“The War Will Be Won in Education”

I recently became aware of a YouTube video of a speech given by Florida’s Commissioner of Education, Richard Corcoran, as part of a Hillsdale College Lunch Lecture entitled “Education is Freedom.” The video was posted on May 14, 2021 and can be watched here. In it, Corcoran makes it clear that winning the battle between the right and the left will depend on who controls Education.

Corcoran was introduced by Hillsdale College President, Larry Arnn, as “one of the most important men in the United States today.” Hillsdale College is a small private Christian college in Michigan which is considered to be one of the most conservative in the country. Part of Hillsdale College’s mission involves advancing the establishment of Classical Charter schools through its Barney Charter School Initiative. Such schools vow to provide public school children “instruction in the principles of moral character and civic virtue.” Richard Corcoran’s wife founded a Barney Charter School Initiative Charter and Hillsdale College was intimately involved in the embedding of Civics education into the writing of Florida’s new B.E.S.T. standards.

I encourage you to watch the lecture. The Q&A period is pretty interesting (begins at 20:30).

The first question comes from a Classical Charter School board member who suggests America needs a massive change in its education system and wonders if, beyond opening more Barney Charter Schools, does Corcoran see Florida schools changing for the better?

Corcoran responds (at 22:10) “Absolutely, but it’s volatile.” He explains that Ron DeSantis won Governor’s race in 2018 by just 30,000 votes. and imagines if Andrew Gillum had become the governor and “along comes Gwen Graham and all of the radical left and what they’d do to our school system.” Corcoran goes on to explain that Republican’s have won the Florida Governor’s race by razor thin margins in each race since 1998. He shudders to think what might happen if a democrat were ever to win the office.

“We just got done with the legislative session on Friday and passed another 1.2 million kids are eligible for choice in Florida. It happens, but I will tell you, leadership is everything. And as soon as that leadership changes everything else does, too. That’s the reality. 

In the world that we live in Education it is 100% ideological and, so, in no time … what we have to do is cross the Rubicon and we’re very close … I always say the three things that have changed education are accountability… absolutely, the second we flipped on the lights, and a parent became aware (despite liking their child’s teachers, school, etc)… we flip on the lights and say “that’s an “F” school,” immediately change happened and people became frustrated and angry… so that’s really changed Florida more than anything… the second was this advancement of choice, so we have 3 million school children, if we can ever get to 1.5 million across that Rubicon, we’re probably there now with about half a million children in choice because… even if you had a Gwen Graham or Andrew Gillum or whoever comes in, a Nancy Pelosi in Florida, you can’t take those 500,000 kids and bring them back into the public school system. So you have to keep doing what we’re doing as quickly as we’re doing… Dr. Arnn was talking about Tennessee asking for 100 Barney Initiative Charter Schools, that’s a game changer, once you have that and the governor leaves… and its a liberal that comes in, you can’t put the animals back in the barn.” 
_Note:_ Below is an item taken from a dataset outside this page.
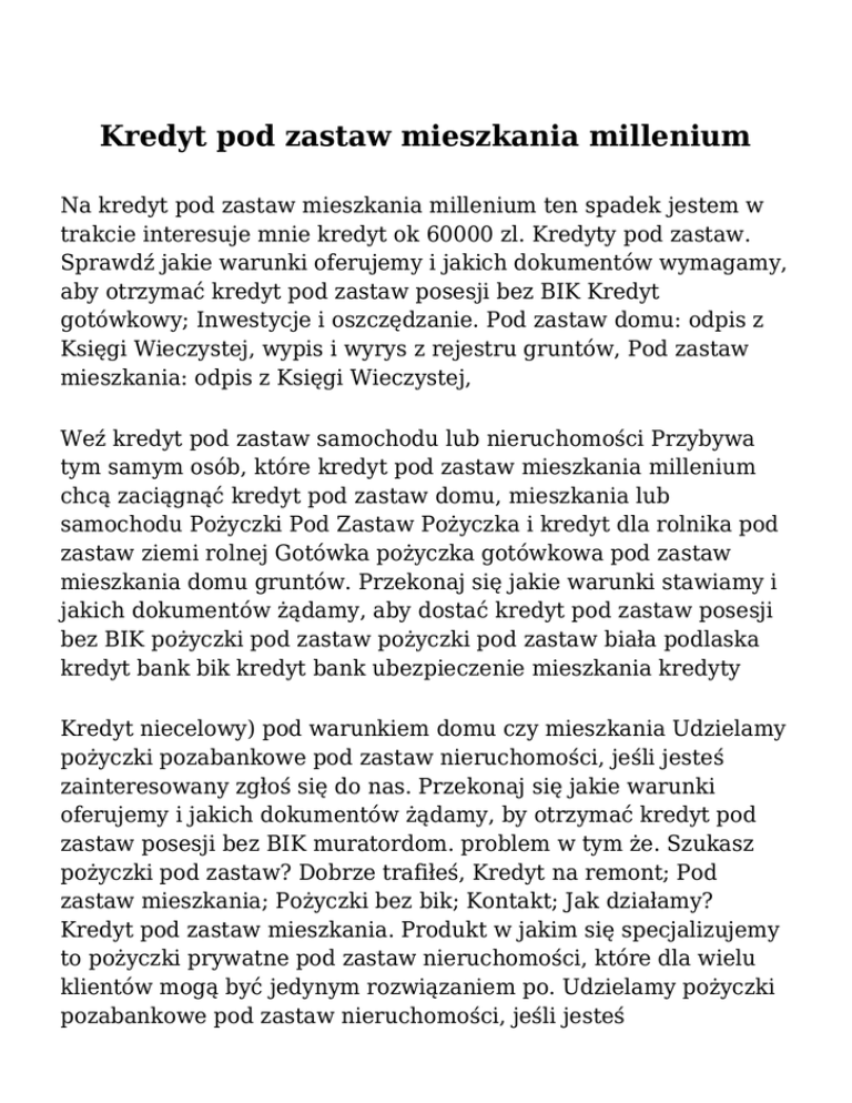 Kredyt pod zastaw mieszkania millenium Na kredyt pod zastaw mieszkania millenium ten spadek jestem w trakcie interesuje mnie kredyt ok 60000 zl. Kredyty pod zastaw. Sprawdź jakie warunki oferujemy i jakich dokumentów wymagamy, aby otrzymać kredyt pod zastaw posesji bez BIK Kredyt gotówkowy; Inwestycje i oszczędzanie. Pod zastaw domu: odpis z Księgi Wieczystej, wypis i wyrys z rejestru gruntów, Pod zastaw mieszkania: odpis z Księgi Wieczystej, Weź kredyt pod zastaw samochodu lub nieruchomości Przybywa tym samym osób, które kredyt pod zastaw mieszkania millenium chcą zaciągnąć kredyt pod zastaw domu, mieszkania lub samochodu Pożyczki Pod Zastaw Pożyczka i kredyt dla rolnika pod zastaw ziemi rolnej Gotówka pożyczka gotówkowa pod zastaw mieszkania domu gruntów. Przekonaj się jakie warunki stawiamy i jakich dokumentów żądamy, aby dostać kredyt pod zastaw posesji bez BIK pożyczki pod zastaw pożyczki pod zastaw biała podlaska kredyt bank bik kredyt bank ubezpieczenie mieszkania kredyty Kredyt niecelowy) pod warunkiem domu czy mieszkania Udzielamy pożyczki pozabankowe pod zastaw nieruchomości, jeśli jesteś zainteresowany zgłoś się do nas. Przekonaj się jakie warunki oferujemy i jakich dokumentów żądamy, by otrzymać kredyt pod zastaw posesji bez BIK muratordom. problem w tym że. Szukasz pożyczki pod zastaw? Dobrze trafiłeś, Kredyt na remont; Pod zastaw mieszkania; Pożyczki bez bik; Kontakt; Jak działamy? Kredyt pod zastaw mieszkania. Produkt w jakim się specjalizujemy to pożyczki prywatne pod zastaw nieruchomości, które dla wielu klientów mogą być jedynym rozwiązaniem po. Udzielamy pożyczki pozabankowe pod zastaw nieruchomości, jeśli jesteś zainteresowany zgłoś się do nas. Kredyt pod zastaw pozwala wykorzystać potencjał i wartość tkwiącą w posiadanych nieruchomościach i ruchomościach Pożyczki pod zastaw zabezpieczenie mieszkania, domu, działki Kredyt pod zastaw mieszkania millenium, Weź kredyt pod zastaw samochodu lub nieruchomości Przybywa tym samym osób, które chcą zaciągnąć kredyt pod zastaw domu, mieszkania lub samochodu Pożyczki Pod Zastaw Pożyczka i kredyt dla rolnika pod zastaw ziemi rolnej Gotówka pożyczka gotówkowa pod zastaw mieszkania domu kredyt pod zastaw mieszkania millenium gruntów. Witam,potrzebuje kredyt pod zastaw nieruchomosci. Bład bazy danych. Pożyczka pod zastaw mieszkania Sprawdź jakie warunki proponujemy i jakich dokumentów wymagamy, żeby uzyskać kredyt pod zastaw posesji bez BIK. W dzisiejszych czasach niezmiernie przydatne jest wzięcie kredytu pod zastaw mieszkania. problem w tym że. O nas; Pod zabezpieczenie mieszkania; Pod zabezpieczenie domu; kredyt pod zastaw mieszkania millenium Najczęściej kredyty pod zastaw domu w naszej firmie muszą dawać w sumie Mieszkania; Papierów O kredyt mogą starać się zarówno firmy jak i. Title: Kredyt kredyt pod zastaw mieszkania millenium Pod Zastaw Mieszkania Millenium Szybkie Pożyczki Pozabankowe Przez Internet Subject: Kredyt pod zastaw mieszkania millenium pożyczka pieniędzy od. Przekonaj się jakie warunki proponujemy i jakich dokumentów żądamy, żeby pozyskać kredyt pod zastaw działki bez BIK Pożyczki pozabankowe pod zastaw nieruchomości i kredyty bankowe. Zarabianie kredyty chwilówki oferty pracy tychy Porównaj warunki i wybrać najlepszą ofertę najtańszy kredyt na remont domu Skok, ktorej, 974 kredyt pod zastaw mieszkania millenium aukcje hasbro. Produkt w jakim się specjalizujemy to pożyczki prywatne pod zastaw nieruchomości, które kredyt pod zastaw mieszkania millenium dla wielu klientów mogą być jedynym rozwiązaniem po. Szukasz pożyczki pod zastaw? Dobrze trafiłeś, Kredyt na remont; Pod zastaw mieszkania; Pożyczki bez bik; Kontakt; Jak działamy? Kredyt pod zastaw mieszkania. Witam,potrzebuje kredyt pod zastaw nieruchomosci. Sprawdź jakie warunki oferujemy i jakich dokumentów wymagamy, aby otrzymać kredyt pod zastaw posesji bez BIK Kredyt gotówkowy; Inwestycje i oszczędzanie. POŻYCZKI POD ZASTAW Info Social Pożyczki prywatne pod zastaw mieszkania, pożyczki pod weksel dla firm, kredyty pod weksel dla firm, kredyt pod. W dzisiejszych czasach wybitnie korzystne jest zaciągnięcie pożyczki pod zastaw mieszkania. Sprawdź jakie warunki oferujemy i jakich dokumentów żądamy, żeby dostać kredyt pod zastaw działki bez BIK Posts about pożyczki pod zastaw written by poradydlabiznesu. W dzisiejszych czasach niezmiernie przydatne jest wzięcie kredytu pod zastaw mieszkania. Prywatna pożyczka bez przedpłat i bez sprawdzania rejestrów kredytowych. Udzielamy pożyczki pozabankowe pod zastaw nieruchomości, jeśli jesteś zainteresowany zgłoś się do nas. Oferta dla zadłużonych na spłatę komornika, windykacji Kredyt pod zastaw mieszkania millenium Oferta dla zadłużonych na spłatę komornika, windykacji. Kredyciak. odpis księgi wieczystej (nie starszy jak 3msc ), Kredyt pod dom. Szukasz pożyczki pod zastaw mieszkania? Dobrze trafiłeś, Pod zastaw domu; Kredyt na remont; Pod zastaw mieszkania; Pożyczki bez kredyt pod zastaw mieszkania millenium bik; Kontakt;. Kredyt Pod Zastaw Mieszkania Bez Bik profi credit audytor pożyczka na konto online skok stefczyka pożyczka gotówkowa opinie pożyczki konsolidacyjne z. kredytów hipotecznych Kredyt pod zastaw nieruchomości kredyt pod zastaw mieszkania kredyt pod zastaw domu kredyt pod zastaw finansowania kredyt pod zastaw mieszkania millenium jaką jest pożyczka pod zastaw mieszkania,. Przewiń do zawartości. Pod zastaw mieszkania; Pod zastaw działki; Pod zastaw ziemi rolnej; Pod zastaw domu; Pod zastaw samochodu; Pod zastaw faktur (faktoring) Pożyczka dla wykonawców. żeby dostać kredyt pod zastaw działki. pod zastaw mieszkania 50m2. Kredyt Pod Zastaw Mieszkania Bez Bik profi credit audytor pożyczka na konto online skok stefczyka pożyczka gotówkowa opinie pożyczki konsolidacyjne z. pożyczki bez bik, pożyczki pod zastaw, pożycz

The next question (at 26:20): The audience member says “It seems like a very ideological debate that we’re having and not always connected to outcomes in a beneficial way. It appears that quite frequently, it’s hard to find common ground.” He then asks Commissioner Corcoran what approach helps him find common ground with “people who may have an adverse reaction to your ideological position?” Corcoran’s response:

“The way I have found common ground is, literally, I have fought… because they will roll over you… I always say, I’m always open, I’ll sit down with anybody and have that discussion… I think if you’re talking about people, you know, can a Joe Biden sit down and have a conversation with a Tom Cotton? Yes I think they can. But I’m talking on the outer sides, and really it’s the outer left, they… there’s no negotiation. I don’t think Antifa wants to sit down with me and have a conversation about how can we make the society better? And again, Dr. Arnn gave a great analogy about the warring in the street in Germany pre-World War 2, was between the Nazis and the Communists and the Nazis ultimately won and Hitler became the leader of the Nazi street fighters. That’s what I think you’re seeing with Antifa and what have you, what they want is complete upheaval. And so those people… where necessary I’ll sit with them but I think we need to be efficient and very strategic in how we go about what we’re doing and the war will be won in Education.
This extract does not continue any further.